**WHAT IS EXPECTED**
Your copy should contain exactly the lines from the start of the material through the line containing "苏泊尔电热水瓶家用烧水保温智能恒温5L电水壶304不锈钢烧水壶", and no pictures.

**EXERCISE INPUT**
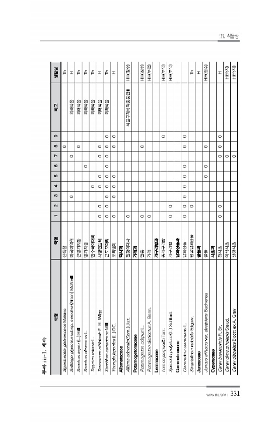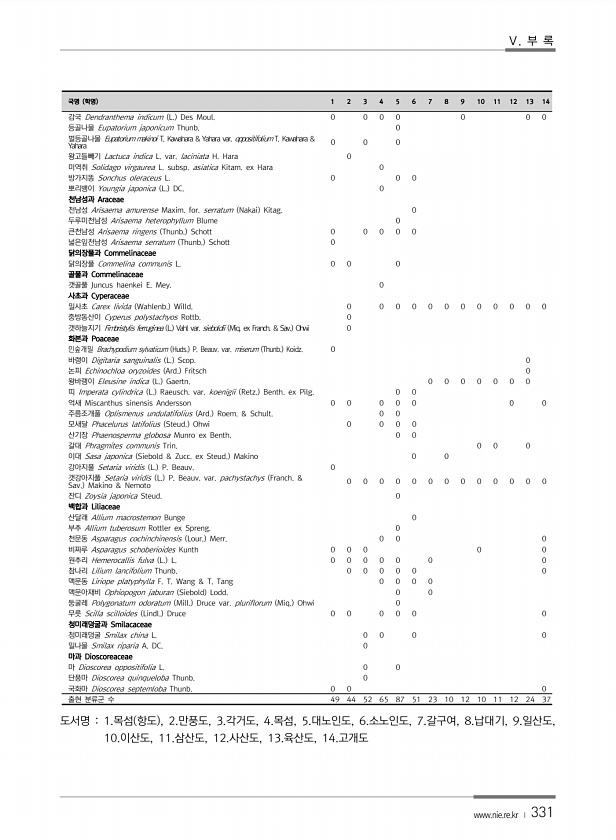 Ⅴ. 부 록 www.nie.re.kr ? 331 국명 학명 1 2 3 4 5 6 7 8 9 10 11 12 13 14 감국 Dendranthema indicum L. Des Moul. 0 0 0 0 0 0 0 등골나물 Eupatorium japonicum Thunb. 0 벌등골나물 Eupatorium makinoi T. Kawahara & Yahara var. oppositifolium T. Kawahara & Yahara 0 0 0 왕고들빼기 Lactuca indica L. var. laciniata H. Hara 0 미역취 Solidago virgaurea L. subsp. asiatica Kitam. ex Hara 0 방가지똥 Sonchus oleraceus L. 0 0 0 뽀리뱅이 Youngia ja...
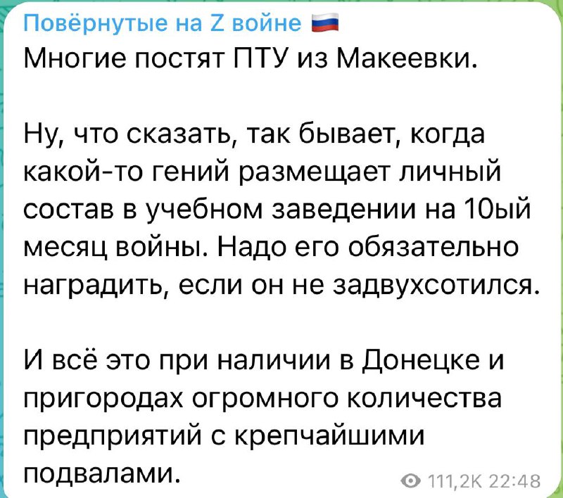 "Так буває, коли якийсь геній розміщує особовий склад у навчальному закладі на 10-й місяць війни. Треба його обов'язково нагородити, якщо він не задвохсотився. І все це за наявності в Донецьку та передмістях величезної кількості підприємств із найміцнішими підвалами. Такі втрати в тилу - як це можливо на 11-й місяць війни??? Хто керує процесом? Безмозкі олені? Шок, просто шок!", - пишуть військкори.
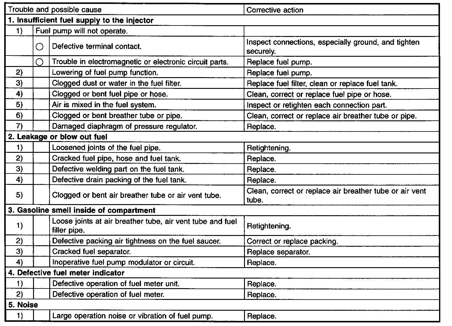 When water condensation is notched in the fuel filter, drain water from both the fuel filter and fuel tank or use a water removing agent (or antifreeze solution) in the fuel tank.
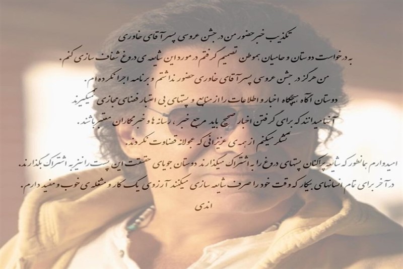 تکذیب شرکت اندی در عروسی پسر خاوری
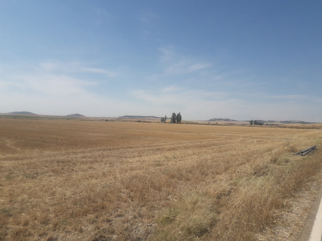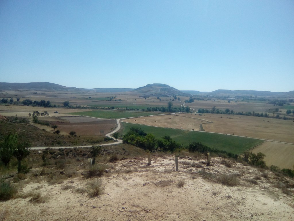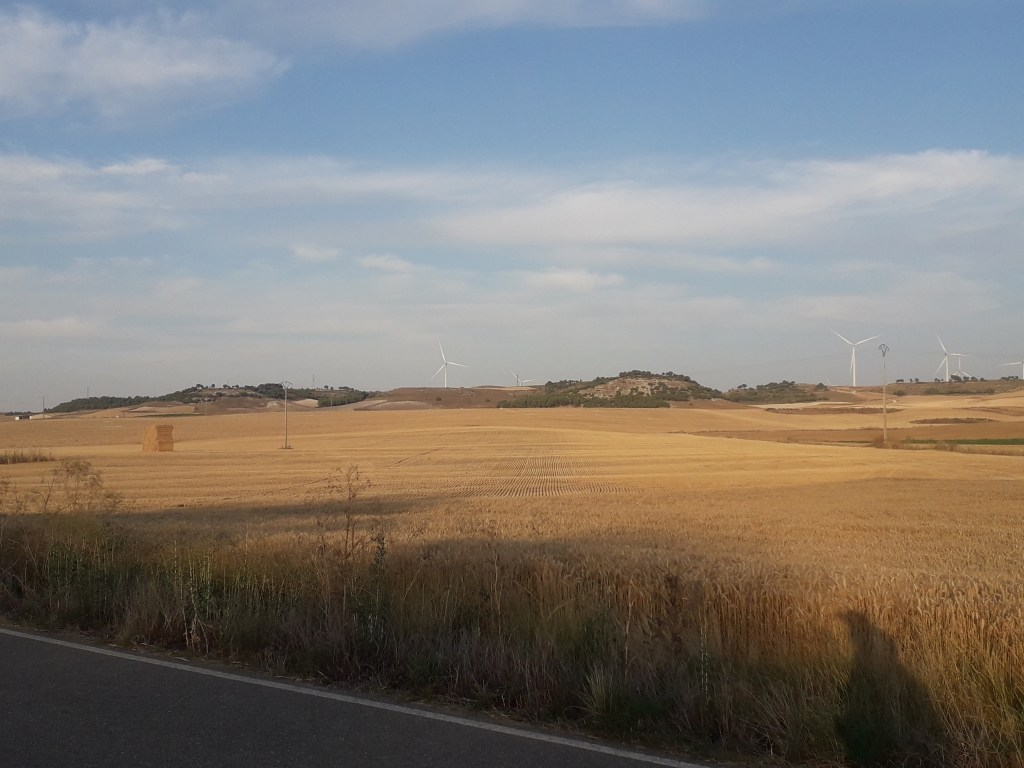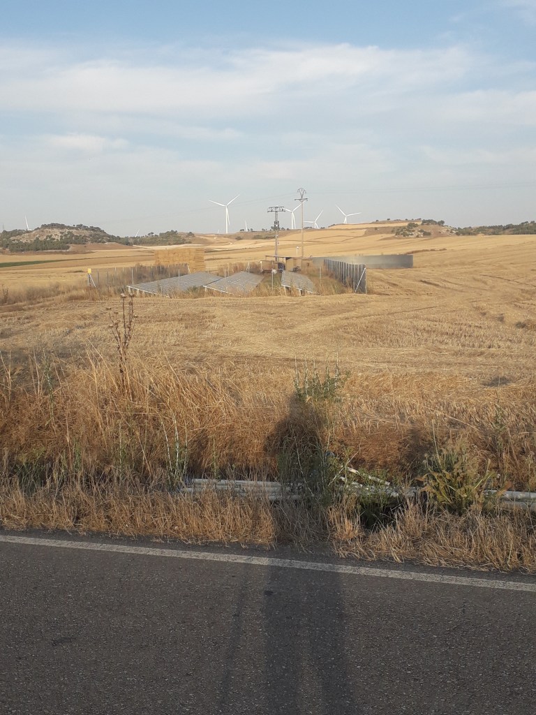 Parti plus tard que prévu de Saragosse (j’avais besoin de roupiller un peu), j’ai décidé de ne pas ouvrir le trajet à d’éventuels covoitureurs, pour différentes raisons. Au milieu des paysages tout aussi vallonnés et désertiques que la campagne vallisolétane, j’ai roulé la plupart du temps à 60 km/h, pour des raisons environnementales et budgétaires. Je me suis fait klaxonner deux fois, ce qui m’était peu arrivé depuis que j’ai franchi la frontière. Il faut dire que je n’ai pas encore pris le temps d’imprimer et d’afficher la version espagnole de mon écriteau « Écoconduite : doublez-moi ! », que j’ai placé sur la lunette arrière. Néanmoins, j’imagine que les automobilistes et camionneurs qui me suivent comprennent l’idée de la version française, d’autant plus que la police est en vert. Si ce message leur était vraiment hermétique, je me ferais certainement beaucoup plus klaxonner. 😅
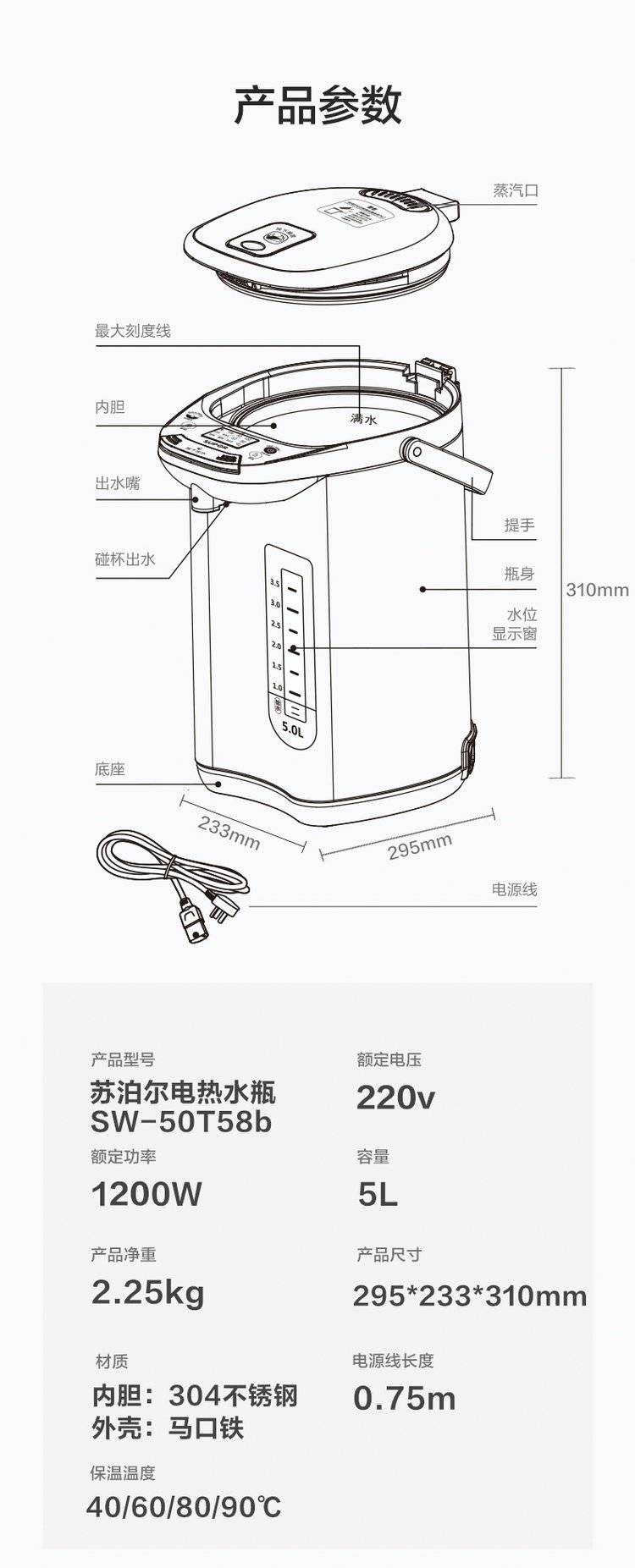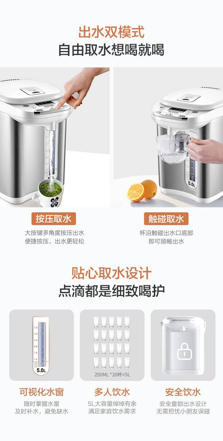 苏泊尔电热水瓶家用烧水保温智能恒温5L电水壶304不锈钢烧水壶
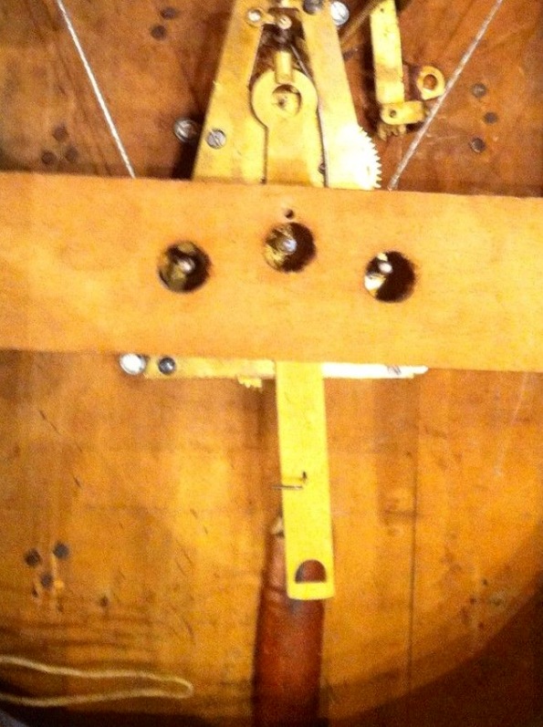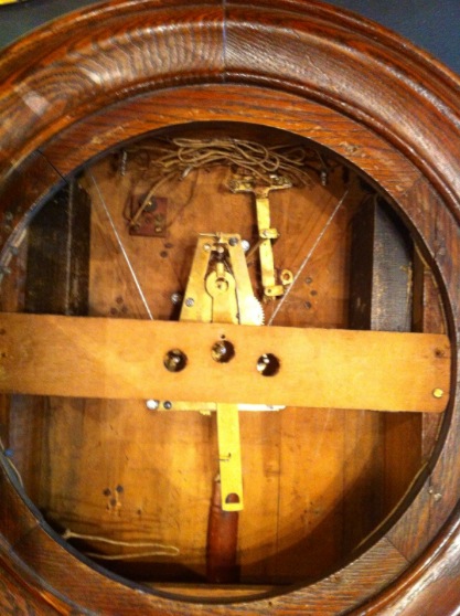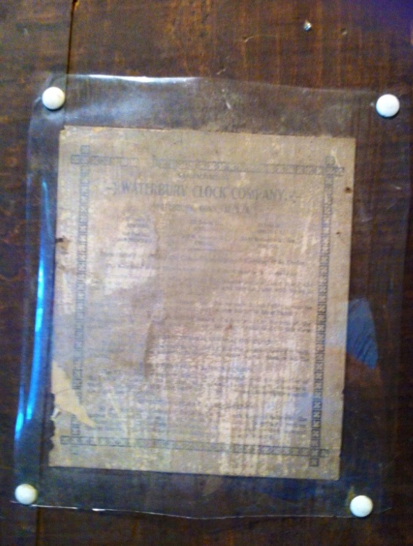 This Gillette master clock was manufactured by the Waterbury Clock Company and is a weight driven pendulum movement. The movement operated a lever which made an electrical connection once per minute, via batteries, which send an impulse to the Gillette Street clock which was located in front of the jewelry store on the sidewalk. The sidewalk clock was actually a slave clock in that it's movement was powered by the master clock located inside the store building.
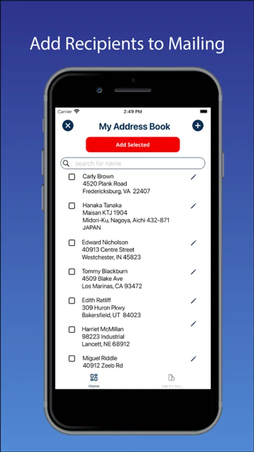 Add a recipient’s name and address, or choose a previously saved address in the app.
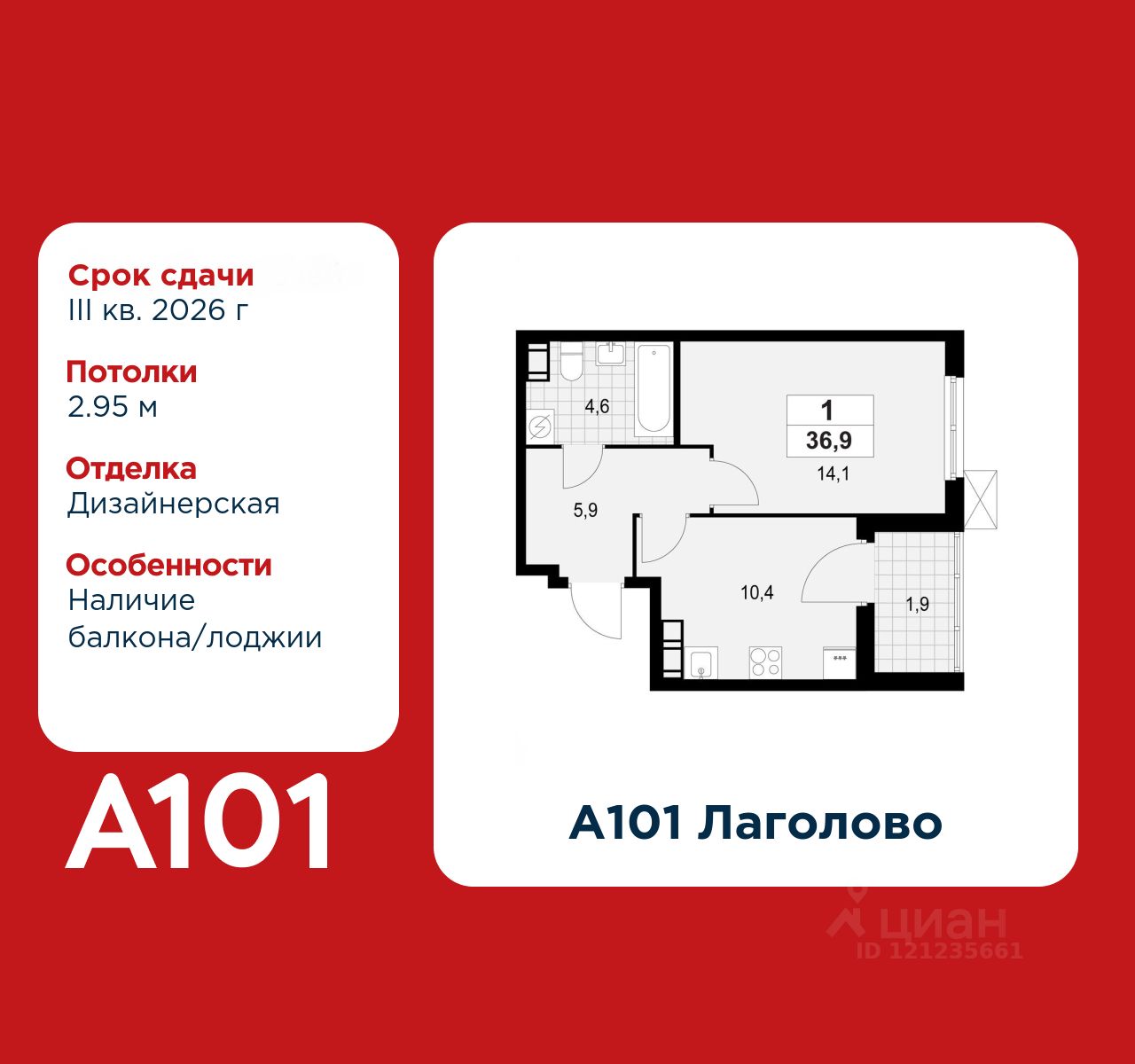1-комнатная квартира площадью 36.90 в ЖК "А101 Лаголово" c лоджией на 10 этаже. Квартира с отделкой. Вид из окна на улицу. В квартире 1 санузел. Высота потолков 2.95 м. Ключи в 2025 году.

**SOLUTION**
 Ⅴ. 부 록 www.nie.re.kr ? 331 국명 학명 1 2 3 4 5 6 7 8 9 10 11 12 13 14 감국 Dendranthema indicum L. Des Moul. 0 0 0 0 0 0 0 등골나물 Eupatorium japonicum Thunb. 0 벌등골나물 Eupatorium makinoi T. Kawahara & Yahara var. oppositifolium T. Kawahara & Yahara 0 0 0 왕고들빼기 Lactuca indica L. var. laciniata H. Hara 0 미역취 Solidago virgaurea L. subsp. asiatica Kitam. ex Hara 0 방가지똥 Sonchus oleraceus L. 0 0 0 뽀리뱅이 Youngia ja...
 "Так буває, коли якийсь геній розміщує особовий склад у навчальному закладі на 10-й місяць війни. Треба його обов'язково нагородити, якщо він не задвохсотився. І все це за наявності в Донецьку та передмістях величезної кількості підприємств із найміцнішими підвалами. Такі втрати в тилу - як це можливо на 11-й місяць війни??? Хто керує процесом? Безмозкі олені? Шок, просто шок!", - пишуть військкори.
 When water condensation is notched in the fuel filter, drain water from both the fuel filter and fuel tank or use a water removing agent (or antifreeze solution) in the fuel tank.
 تکذیب شرکت اندی در عروسی پسر خاوری
 Parti plus tard que prévu de Saragosse (j’avais besoin de roupiller un peu), j’ai décidé de ne pas ouvrir le trajet à d’éventuels covoitureurs, pour différentes raisons. Au milieu des paysages tout aussi vallonnés et désertiques que la campagne vallisolétane, j’ai roulé la plupart du temps à 60 km/h, pour des raisons environnementales et budgétaires. Je me suis fait klaxonner deux fois, ce qui m’était peu arrivé depuis que j’ai franchi la frontière. Il faut dire que je n’ai pas encore pris le temps d’imprimer et d’afficher la version espagnole de mon écriteau « Écoconduite : doublez-moi ! », que j’ai placé sur la lunette arrière. Néanmoins, j’imagine que les automobilistes et camionneurs qui me suivent comprennent l’idée de la version française, d’autant plus que la police est en vert. Si ce message leur était vraiment hermétique, je me ferais certainement beaucoup plus klaxonner. 😅
 苏泊尔电热水瓶家用烧水保温智能恒温5L电水壶304不锈钢烧水壶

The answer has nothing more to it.